Four years later, God gave us the blessing of a child with Down Syndrome. . .
This tiny "baby" was 2 1/2 years old when he found his way into our family and along with him, came the most remarkable changes in all of us!  Appreciation for the smallest gains, compassion for those who struggle with developmental disabilities, the kind of protective love for another person that makes you ready to spring into action at the slightest sideways glance . . . we have to temper this in our older children. We have to assure them that not everyone who looks at our Angel Baby in public is thinking something unkind.  But more than what he represents, we love who he IS.  He is shy with strangers, he loves to dance and "sing", he eats with great gusto and he can be as stubborn as any child I've ever met.  Watching him sleep is precious and holding him while he sleeps can still put tears in my eyes.  When we hear "God's ways are higher than our ways", we can agree with complete certainty.  We might not have pursued the adoption of this Angel had not the Lord pricked our hearts so clearly . . . but oh, what we might have missed!  He is as close to perfection as a human can be.
The irony of that statement might be lost on some but if you have a child like ours, you understand completely.

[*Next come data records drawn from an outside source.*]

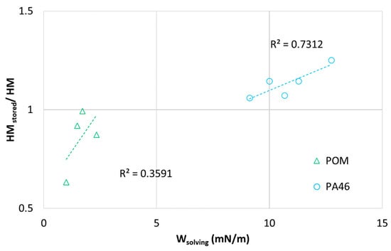 The significant decrease in HMstored/HM for the POM-lubricant pairings (Wsolving < 5 mN/m) with decreasing Wsolving reflects the swelling tendency of those systems (see Figure 3). Thus, Wsolving is for the POM-pairings an (inverse) measure of the sorption tendency of organic lubricants.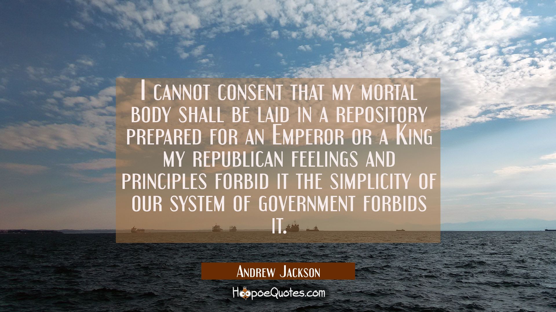 I cannot consent that my mortal body shall be laid in a repository prepared for an Emperor or a King my republican feelings and principles forbid it the simplicity of our system of government forbids it.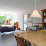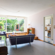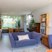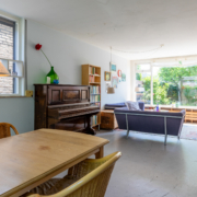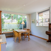 Via de keuken stap je de lichte en verrassend ruime woonkamer in. Dankzij grote ramen aan de voor-, achter- én zijkant stroomt het daglicht hier rijkelijk naar binnen. Aan de voorkant kijk je uit op een groen speelpleintje – ideaal voor gezinnen met jonge kinderen. Aan de achterzijde grenst de woonkamer aan de zonnige tuin.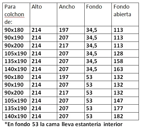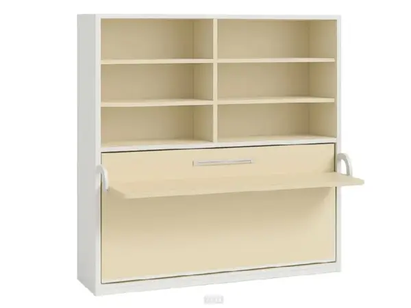 Cama abatible horizontal con escritorio incorporado y unas prácticas estanterias a modo de libreria,ideal para ahorrar espacio.Para colchón de 90×190,para otras medidas ver tabla.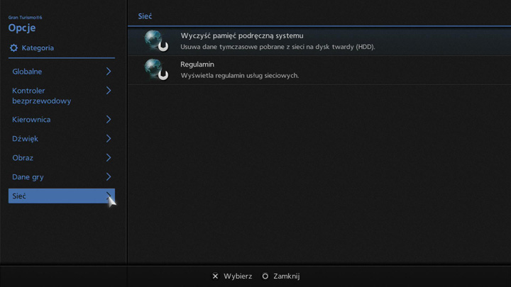 Usuwa z dysku twardego dane tymczasowe pobierane z sieci. Gdy zawody sieciowe lub inne opcje nie aktualizują się należycie, rozwiązaniem tego problemu może być wyczyszczenie pamięci podręcznej. Dane aktualizacji gry, powtórek itp. nie są usuwane.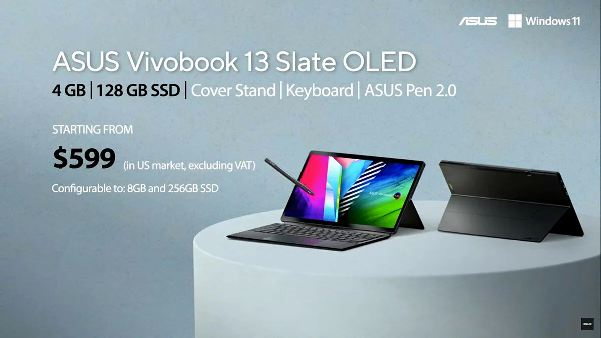 В рамках онлайн-презентации #WOWTHEWORLD компания ASUS представила ноутбук-трансформер Vivobook 13 Slate OLED с сенсорным дисплеем диагональю 13,3 дюйма и отсоединяемой клавиатурой. Новинка работает на системе Windows 11. Производитель позиционирует Vivobook 13 Slate OLED как многофункциональное устройство — компактный лэптоп, планшет и портативный OLED-телевизор. В ноутбуке установлен четырехъядерный процессор Intel с частотой до 3,3 ГГц. Толщина устройства 7,9 мм, вес составляет 785 грамм (без клавиатуры).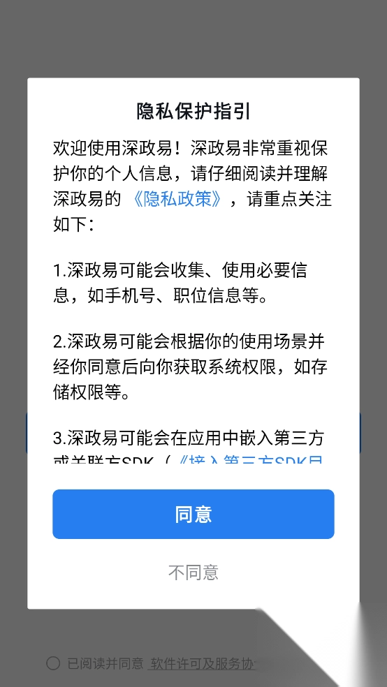 1、可直接使用最新版本的软件,进入时需先同意隐私权限。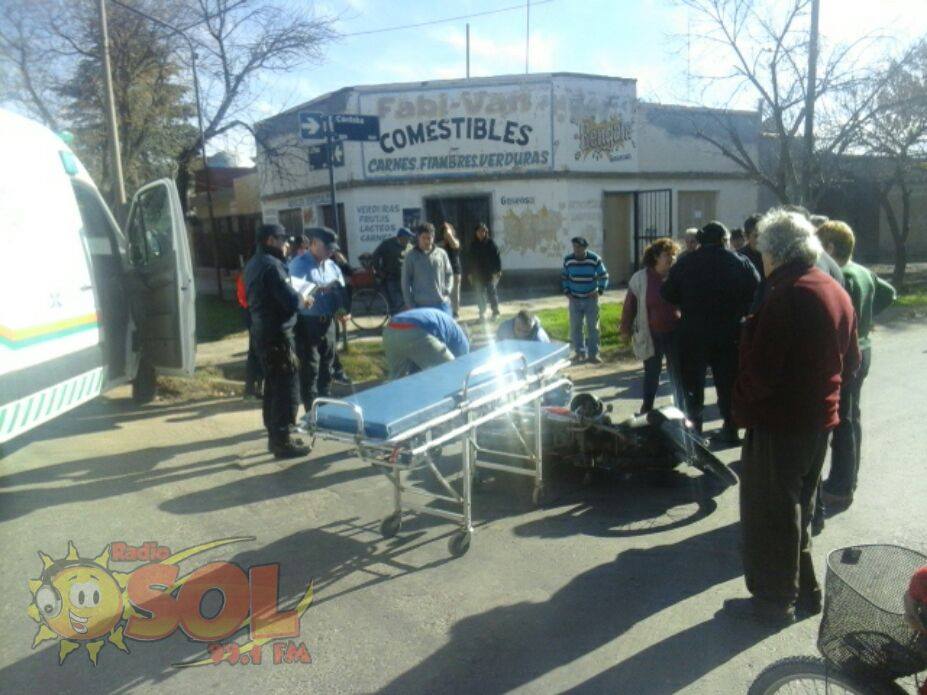 Casi todos los días, lamentablemente tenemos en nuestro departamento un accidente vial en el que se ve involucrado un motociclista. En este caso se trata de una moto Corven 110 cc conducida por un joven llamado Ariel Rosales, la cual fue embestida por causas que se tratan de establecer por un automóvil Peugeot 505 Rural en la esquina de las calles Juan José Paso y Córdoba.
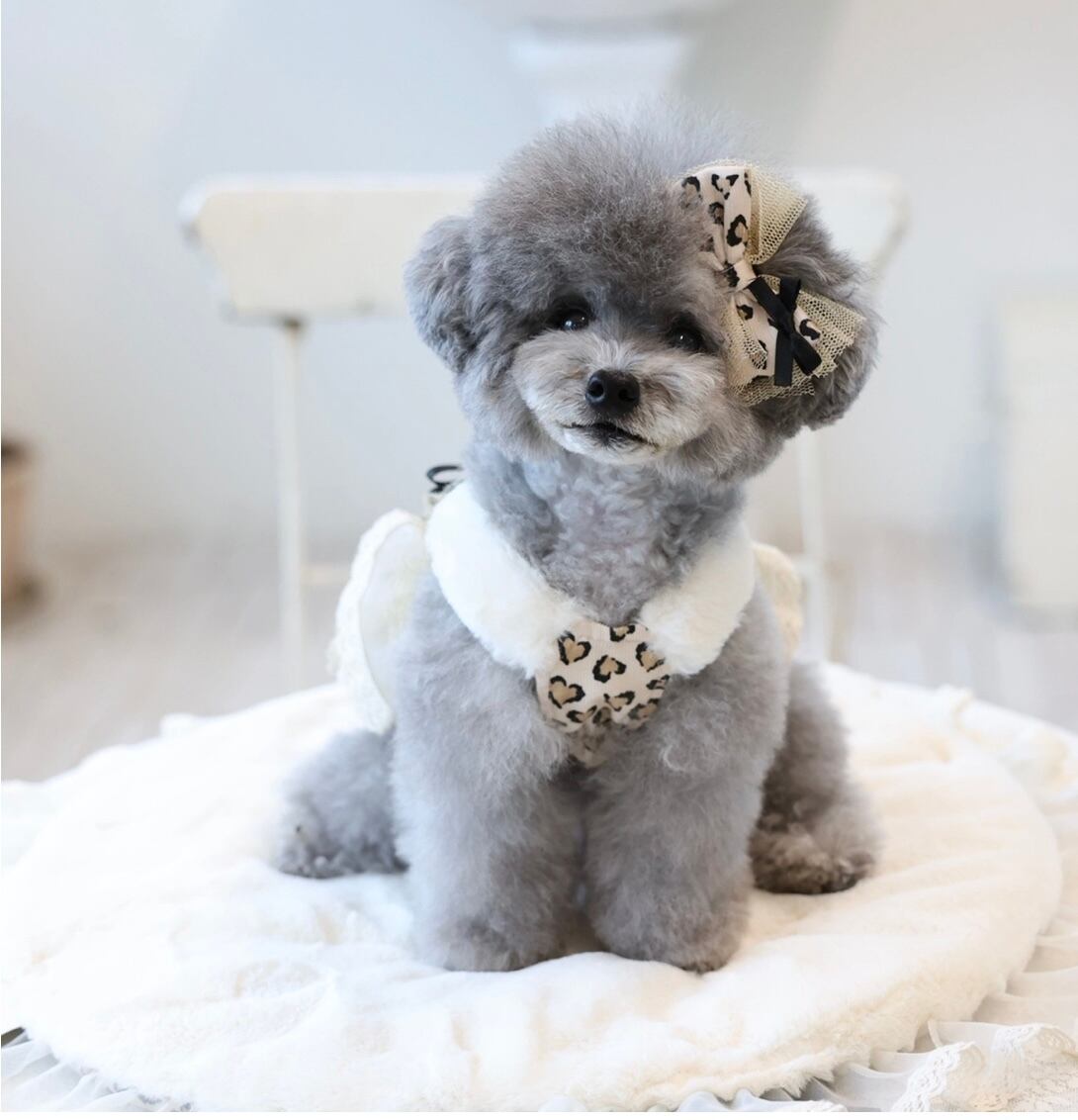 ふわふわファーの可愛い肩紐、ハートのビジューが付いた大きいリボンがポイント☆
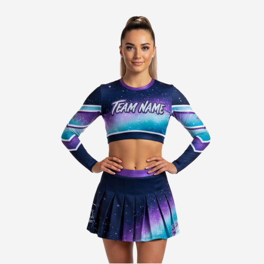 Sublimated Cheerleading Uniform Set - Long Sleeve Top & Skirt for Competition Cheer
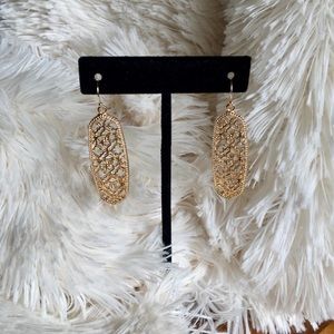 A lovely scrolled pattern in an oblong shape, measuring about 2” of a drop. Gold tone color. Pairs well with any outfit.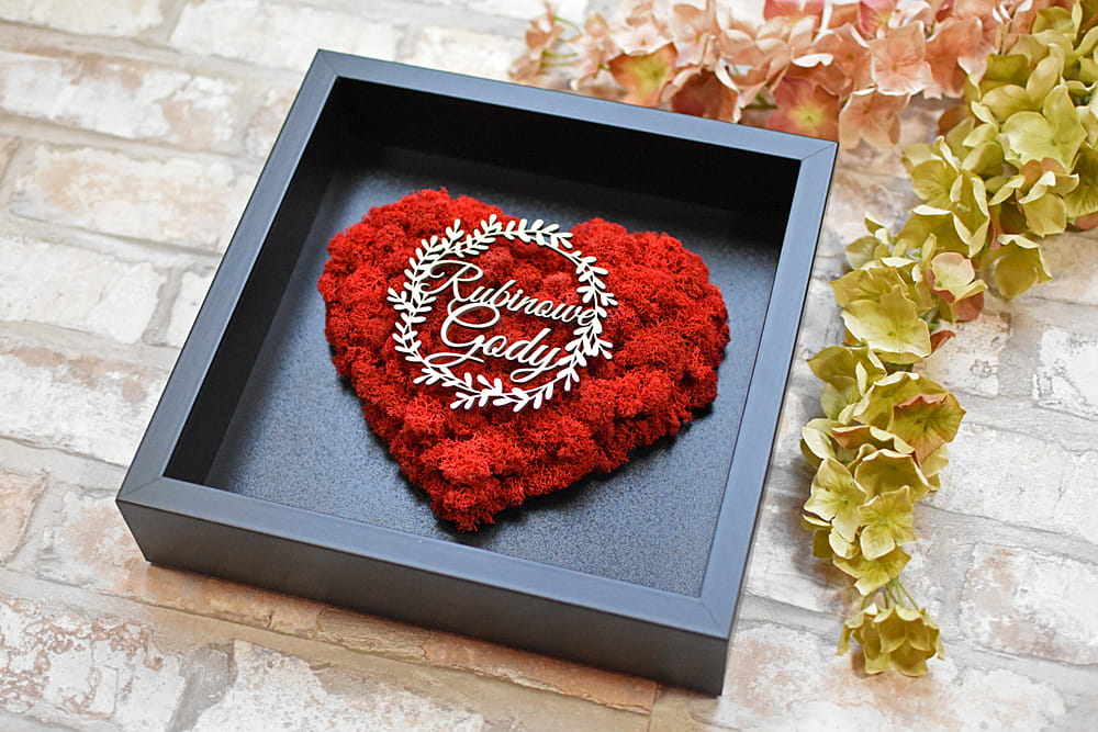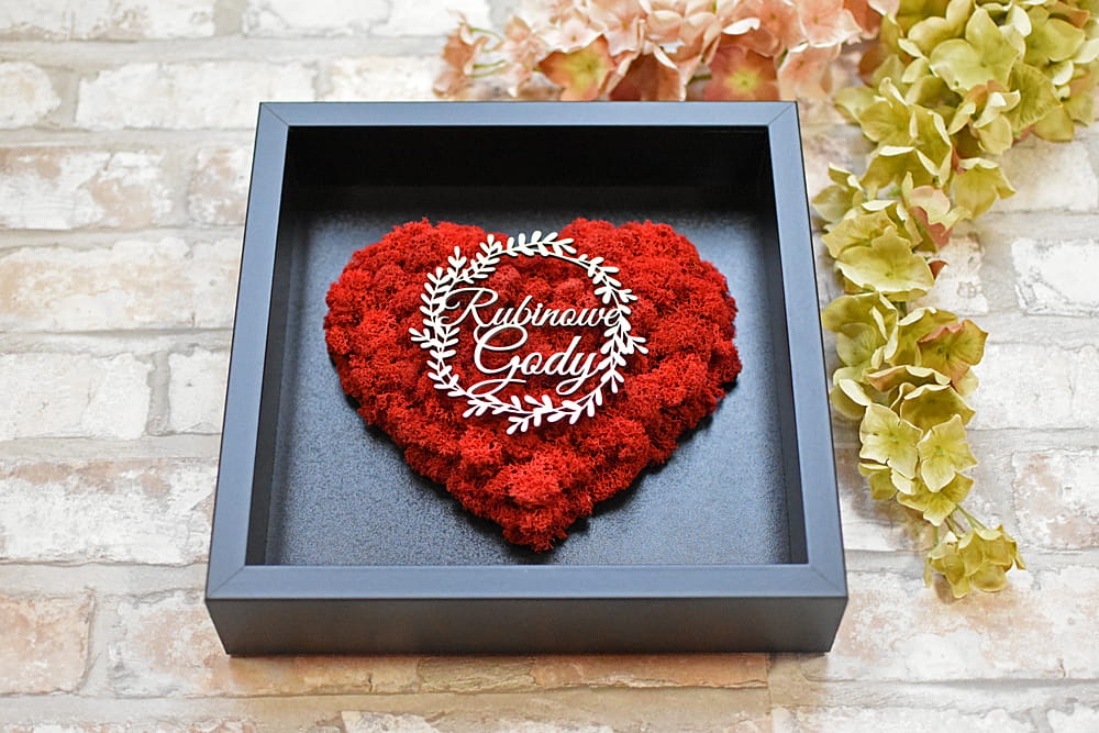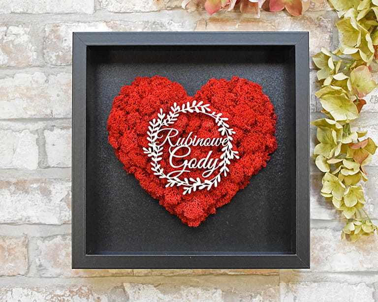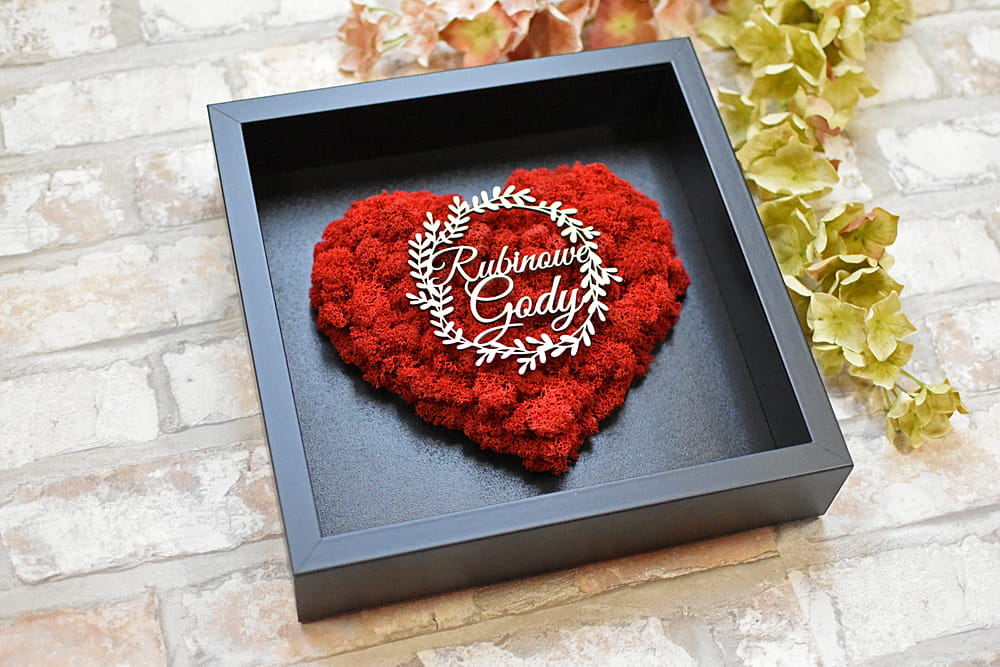 Elegancki prezent na 40 lecie pożycia małżeńskiego - obraz z czerwonym sercem z naturalnego mchu chrobotka.

But Our Father was not finished stuffing this family full just yet. . .
Into my hands came the file of an almost 15 year old boy.  And I saw his picture. And I knew he was MINE . . . just as sure as I knew I was living and breathing, I knew this young man was destined for our family . . .
And he came- terrified and uncertain, having been so long in his caring center. Having built relationships that were real and strong with so many who raised him, hating to leave yet needing to move on at the same time.  But this young man had been prayed over. He had been committed to God many times by many Believers. And we have been blown away to have been chosen to step into his life at this juncture and be the ones to say "forever". . . that is a privilege we will never take for granted.  God could have chosen anyone, but He chose US.   Thank you, Father!

And our crew has grown so big and beautiful, I often can't believe they are mine . . .


So as Orphan Sunday draws to a close,  I pray that families around the world are prompted to open their hearts and homes to just one more child, or to give to a family going through the adoption process, or to pray for orphans in every country.

The knowledge that there are children with nobody to call "mommy" or "daddy" lays me low. I choose to focus on all the "found" children today, like my own sons, but I am keenly aware that many remain unclaimed, feel unwanted, feel "less than" and in this broken world, that will always be a bitter truth.   But my prayer for those priceless treasures is that YOU, my readers, my friends, will notice, and care, and pursue them, even to the point of tremendous personal sacrifice.

There is no child too disabled, no land too far and no price tag too high for our Father.
He pays for what He orders. He guides. He equips. He sustains.
Always.
On time.
And sometimes, he even says "keep the change". . .
Won't you ask Him what He wants of you on this Orphan Sunday?